In subsequent articles contained in the special report on digital nomads, The Economist admits that it borrowed the term “nomad” to describe mobile workers from the Nomad Cafe in Oakland, CA, and from others such as Herbert Marshall McLuhan, Jacques Attali and others [“Nomads at last]. The Nomad Cafe’s owner opened his establishment to service “techno-bedouins.”
“As a word, vision and goal, modern urban nomadism has had the mixed blessing of a premature debut. In the 1960s and 70s Herbert Marshall McLuhan, the most influential media and communications theorist ever, pictured nomads zipping around at great speed, using facilities on the road and all but dispensing with their homes. In the 1980s Jacques Attali, a French economist who was advising president François Mitterrand at the time, used the term to predict an age when rich and uprooted elites would jet around the world in search of fun and opportunity, and poor but equally uprooted workers would migrate in search of a living. In the 1990s Tsugio Makimoto and David Manners jointly wrote the first book with ‘digital nomad’ in the title, adding the bewildering possibilities of the latest gadgets to the vision. But all of those early depictions and predictions of nomadism arguably missed the point. The mobile lifestyles currently taking shape around the world are nothing like those described in the old books.”

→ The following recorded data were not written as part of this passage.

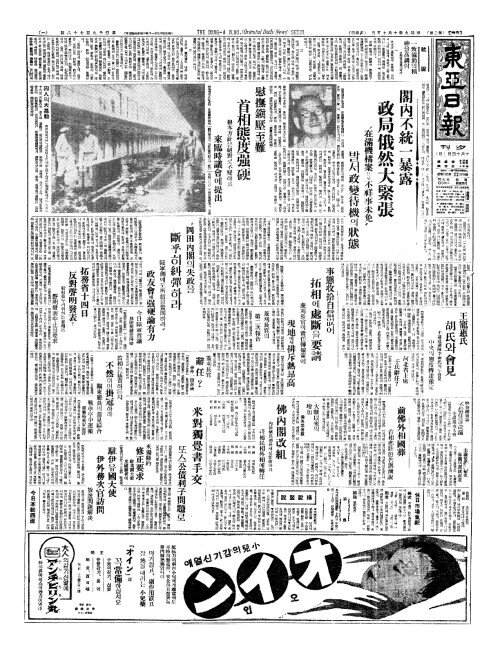 - 閣內不統一暴露(각내부통일폭노) 政局俄然大緊張(정국아연대긴장)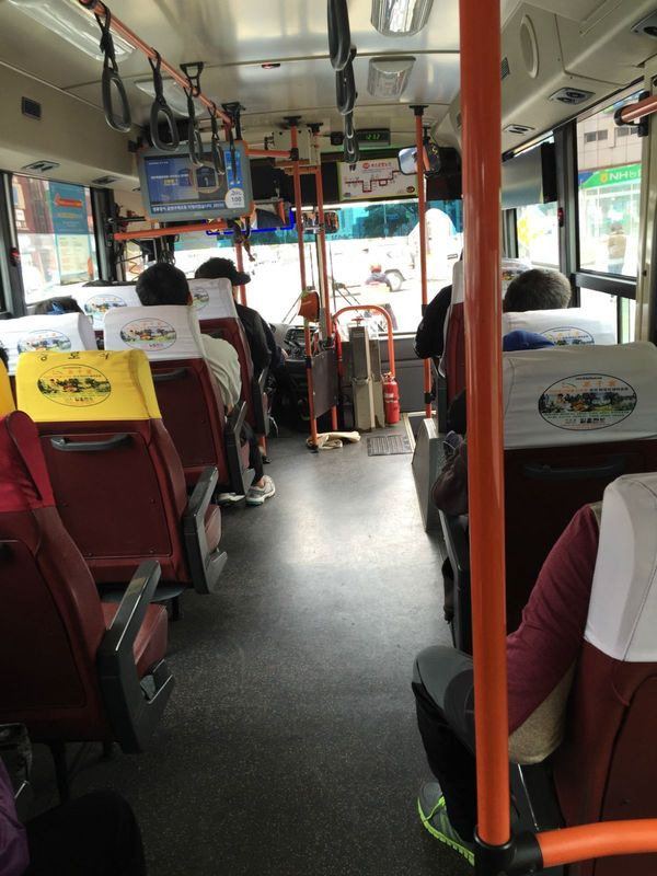济州的公交车,赶去英式小火车的路上,上车时在地图上指明要下车的站点,司机都很nice!到站了都告诉我。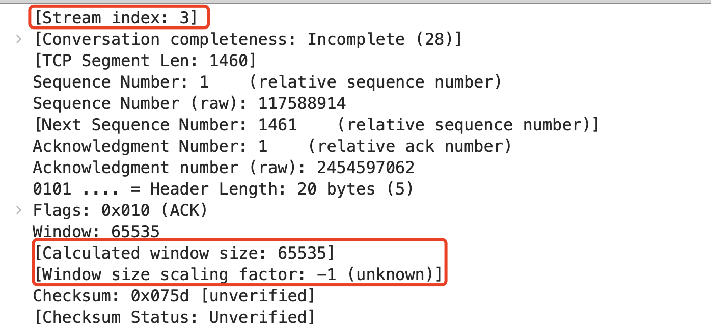 - 随后是两个关于窗口的信息,说明Wireshark尝试用窗口扩大因子去计算出实际生效的窗口值。由于协议设计的关系,TCP窗口扩大因子只存在于握手报文里,而这个抓包文件里不含握手报文,因而不知道扩大因子的值(红框中的unknown的原因),也就导致Wireshark无从计算出正确的实际窗口值。这种情况下,Wireshark给出的实际窗口值跟未扩大的原始窗口值一致(在这里都是65535)。

I’m not bold enough to predict how mobile technologies will change society only that they will. I can also state with certainty that most of the changes connectivity brings will be for the good. Nevertheless, the benefits will be laced with hazards. Telephones brought us both conversations with our loved ones and with telemarketers. The World Wide Web brought us both valuable information and pornography. Technology will continue to race ahead of regulations and connectivity is likely to restructure the fabric of society in yet to be determined ways. If we are wise, we will embrace the technology and legislate against its abuses. Efforts to restrict upstream content rather than downstream behavior will be alluring but illusive. There will always be critics of change and some individuals will always long for simpler days. Few of us, however, would really trade the benefits of modern technology if we fully recalled some of the challenges that existed in the good old days.